• [YOUR TASK]: Using the records below, copy exactly the part that opens with the line holding "Køkkenet åbner sig" and closes with the line holding "Funny сheerful young", minus the pictures.

[Opening MATERIAL PROVIDED section]

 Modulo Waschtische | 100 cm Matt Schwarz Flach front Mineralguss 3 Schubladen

[Closing MATERIAL PROVIDED section]
[Opening MATERIAL PROVIDED section]

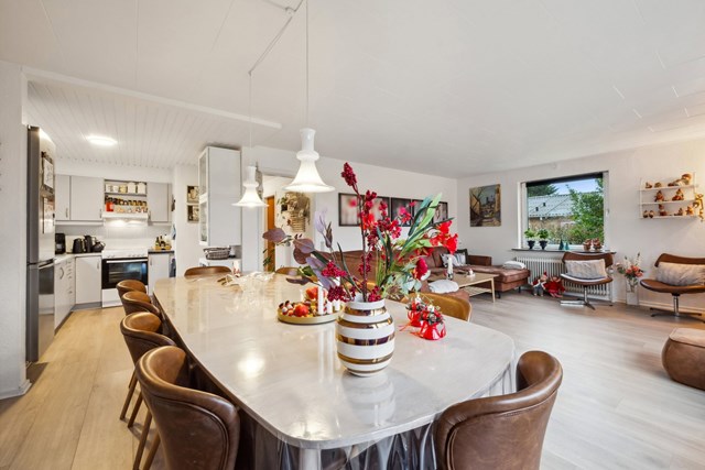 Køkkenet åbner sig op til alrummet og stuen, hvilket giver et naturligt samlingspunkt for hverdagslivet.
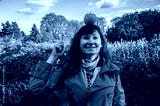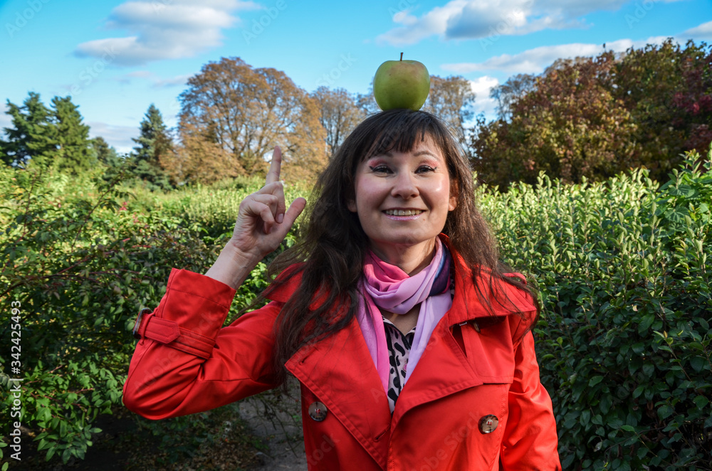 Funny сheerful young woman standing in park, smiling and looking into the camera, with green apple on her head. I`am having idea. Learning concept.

[Closing MATERIAL PROVIDED section]
[Opening MATERIAL PROVIDED section]

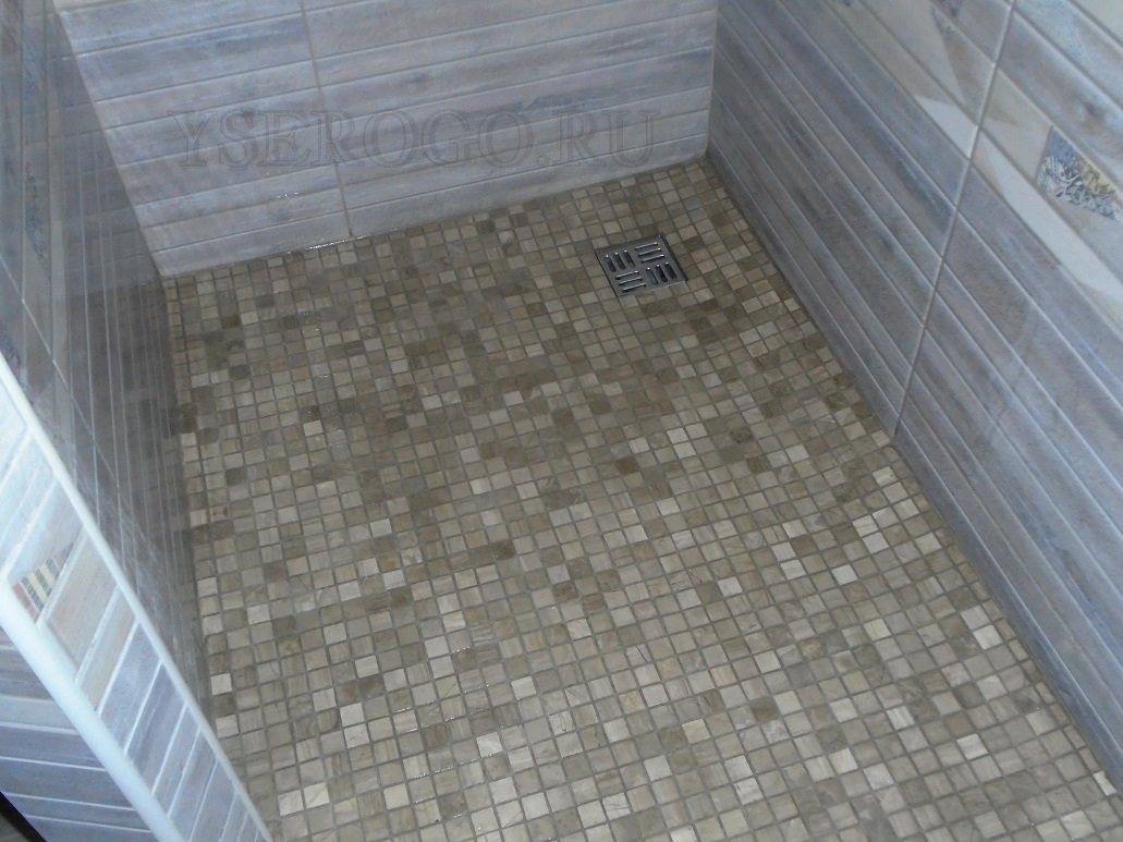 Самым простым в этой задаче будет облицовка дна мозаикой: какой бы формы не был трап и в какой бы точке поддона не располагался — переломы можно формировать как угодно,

[Closing MATERIAL PROVIDED section]

• [REPLY TO THE TASK]:
 Køkkenet åbner sig op til alrummet og stuen, hvilket giver et naturligt samlingspunkt for hverdagslivet.
 Funny сheerful young woman standing in park, smiling and looking into the camera, with green apple on her head. I`am having idea. Learning concept.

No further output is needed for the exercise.